Malcom Pagani per il "Fatto quotidiano"

Quando dalla galleria il topo coprì l'arco della caduta precipitando in platea, in sala avevano iniziano già a starnutire da un po'. Il diavolo è nella coda, irrita come la polvere sparsa ad arte dai nazisti in un cinema berlinese del 1930, spaventa più della nidiata di ratti liberati tra le poltrone e sul fronte occidentale, come nell'oriente dei divieti di Stato, parla sempre il linguaggio della censura.

L'esorcismo del potere. Il divieto. Anche in Italia. Che si descriva la più demenziale delle guerre di trincea impietosamente narrata in All'Ovest niente di nuovo di Lewis Mileston, premio Oscar osteggiato dal terzo Reich e proiettato a Roma e Milano solo nel 1956 (a un quarto di secolo dalla sua realizzazione) o che si provi a sorridere. Totò e Carolina di Monicelli in cui 82 tagli ridussero la materia di mezz'ora costringendo il Marchese Altoviti e Carlo Ponti, i produttori, a cambiare in corsa battute e titolo del film, fu perseguitato.

Avrebbe dovuto chiamarsi Totò, Carolina e bandiera rossa. Rimasero solo i nomi propri e nei titoli di coda, la lunga postilla: "Gli eventuali riflessi nella realtà non hanno riferimenti precisi, e sono sempre riscattati da quel clima dell'irreale che non intacca minimamente la riconoscenza e il rispetto che ogni cittadino deve alle forze di Polizia" spiegò meglio di ogni considerazione il clima dell'epoca. Il metacontrollo della politica sui messaggi. Il filtro preventivo. Subito da molti di quei registi che si dividevano tra Cinecittà, le tavole imbandite di Otello in Via della Croce e le interrogazioni parlamentari.

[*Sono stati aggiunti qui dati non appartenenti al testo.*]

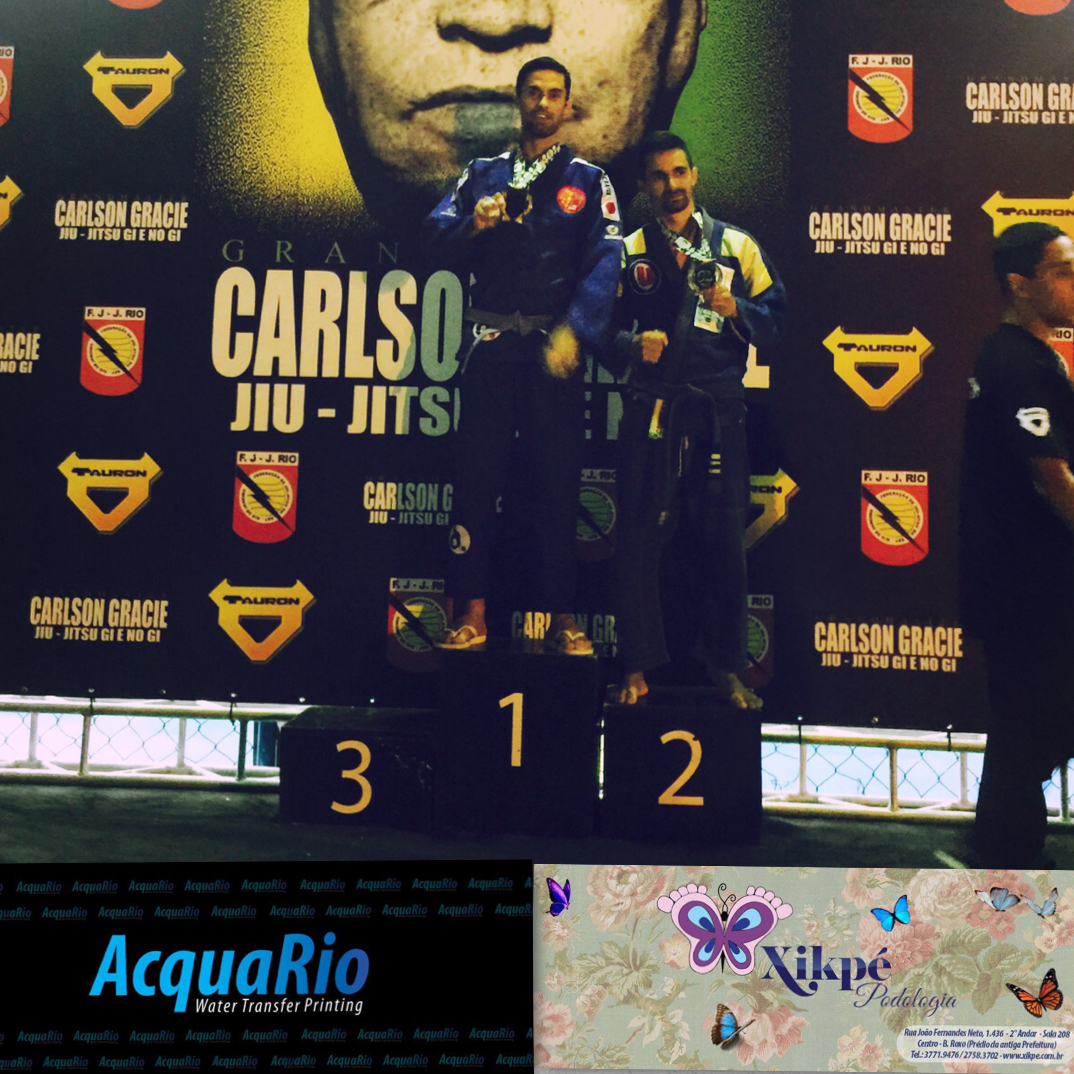 Ainda em agosto fui campeão, disputei a Copa Carlson Gracie 2015 pela FJJRIO. Lutei muito bem, 2 finalizações. Mais uma vez tive a oportunidade de fazer a final com o atleta da Nova União e venci! Consegui manter o foco e a calma com a ajuda do meu mestre, não levando em conta as derrotas passadas, fiz o meu jogo, solto, tranquilo e finalizei com arm lock.

Alberto Lattuada, regista de La spiaggia, 1954, commentò rapidamente: "Il film andò in parlamento perché rovesciavo i valori tradizionali, attaccavo la borghesia. Le puttane erano perbene e le signore perbene erano puttane". Lattuada era in buona compagnia. Il Marco Ferreri de La donna scimmia, 1964, due metri di tagli. Il Decameron di Pier Paolo Pasolini, 1971, 54 metri e un divieto ai minori di 18 anni che la commissione preposta, dando il via libera a una parzialissima fruizione dello stesso, motivò così: "Visionato il film il 9 Luglio stesso e sentito il regista Pasolini, a unanimità rileva che il film si muove indubbiamente su un piano artistico".

PROVOCAZIONI TRA MOCCIA E KUBRICK
Bernardo Bertolucci andò a processo con Ultimo tango a Parigi e per l'amore ignoto tra Brando e Maria Schneider si riesumò un medievale rogo della pellicola. L'impurità da eliminare, la blasfemia, l'idea sinistra che il comune senso del pudore non possa subire scosse. Molti dei film citati per anni sono scomparsi. Eliminati alla vista.

Lasciati marcire nelle beghe legali, negli scantinati, negli accordi taciti tra l'azionista di maggioranza del senso generale (il Vaticano), la politica e le produzioni che alla protesta, preferivano il cammino da proseguire, la pagina da voltare. Lo sanno bene i colti cantori dell'erotismo come Tinto Brass (il suo Caligola poi editato come Io caligola, gran cast con Peter O'Toole e Helen Mirren è tra le più censurate opere della storia del cinema).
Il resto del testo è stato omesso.